Toto Funds The Arts recently presented a festival of three plays at Ranga Shankara. TFA, Rafiki and Adishakti Laboratory presented works of Ionesco (Exit the King), Fugard (The Island) and an original play called The Hare and The Tortoise directed by Anmol Vellani, Rafiki and Veenapani Chawla respectively.

"Exit the King" by Ionesco presents no new surprise or twist. The king, Berenger (Sanjay Iyer) is a larger-than-life king who has lived 400 years. On the day of his death — when the play begins — however, he is no longer the king whose domain captured millions of people, but rules a failing kingdom. His only desire, however, is to live on forever, and he will barter his kingdom for longevity, even if it means living alone for an eternity.

What is special about the play is the way Ionesco connects death and its inevitability to the politics of the day. Berenger is very relatable to leaders of the past as well as the present. The people around the king also nicely represent society at large. Heightening the effect were some beautifully executed moments, such as the end, where Berenger's first wife Margarite (Suman) leads him into his after life. The production, for the most part, tried to stay true to the absurd and farcical nature of the original play, setting the play in an old jazz bar with contemporary techno music. Sanjay Iyer as the King Berenger brought great energy to the stage and occupied much of the limelight. His portrayal of the narcissist king, alternating crisply between bouts of pathos, enthusiasm, fear and confidence, was captivating. Suman's singing parts and the lighting also helped make the play memorable.

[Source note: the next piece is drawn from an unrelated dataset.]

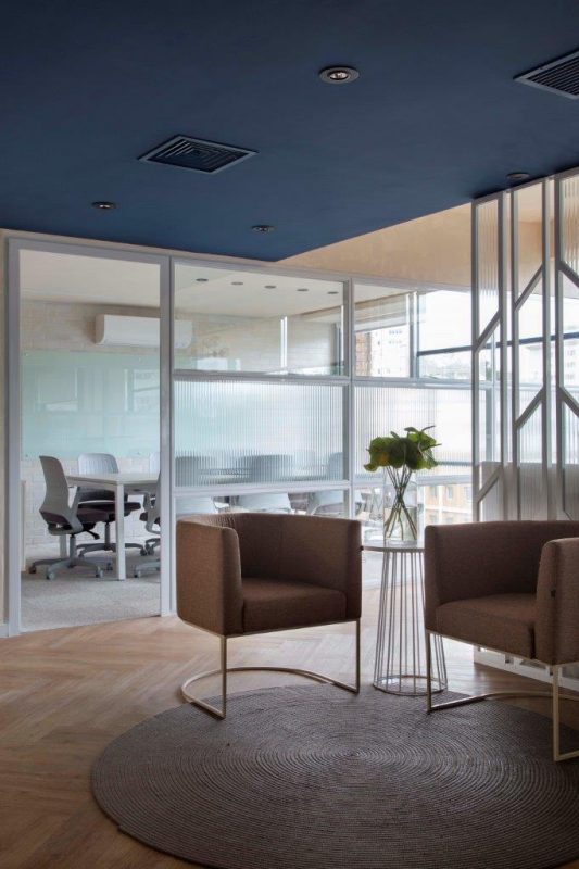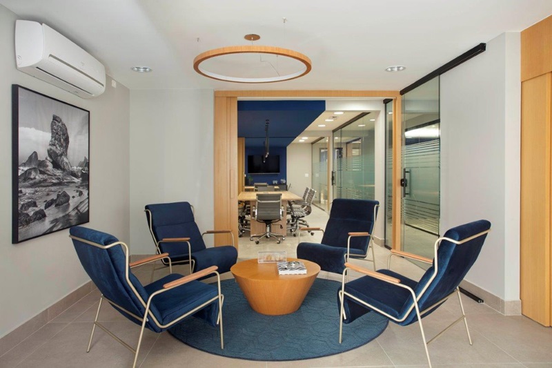 Fora as adaptações impostas pela pandemia, os dois projetos também tem em comum um toque de informalidade e despojamento na decoração, seja pelo uso de cores, marcenaria ou seleção de parte do mobiliário, com direito a peças que lembram ambientes de casa, especialmente nos lounges. “Acho que conseguimos quebrar a sisudez típica das empresas que atuam nessas áreas, em especial no setor de finanças, e, ao mesmo tempo, inspirar seriedade e senso de organização tanto nos colaboradores como nos clientes finais”, conclui Livia.

Athol Fugard's "The Island", performed by Sachin Gurjale and Anish Victor was possibly the highlight of the festival. Though highly verbose in its construction, the play manages to hold one's attention easily. Like most of Athol Fugard's plays this one too centres on the struggles of African men in the time of the Apartheid. Here two common men are trapped in a jail, for rebelling against the Apartheid. They have to perform a piece form the Greek play Antigone in front of their officers.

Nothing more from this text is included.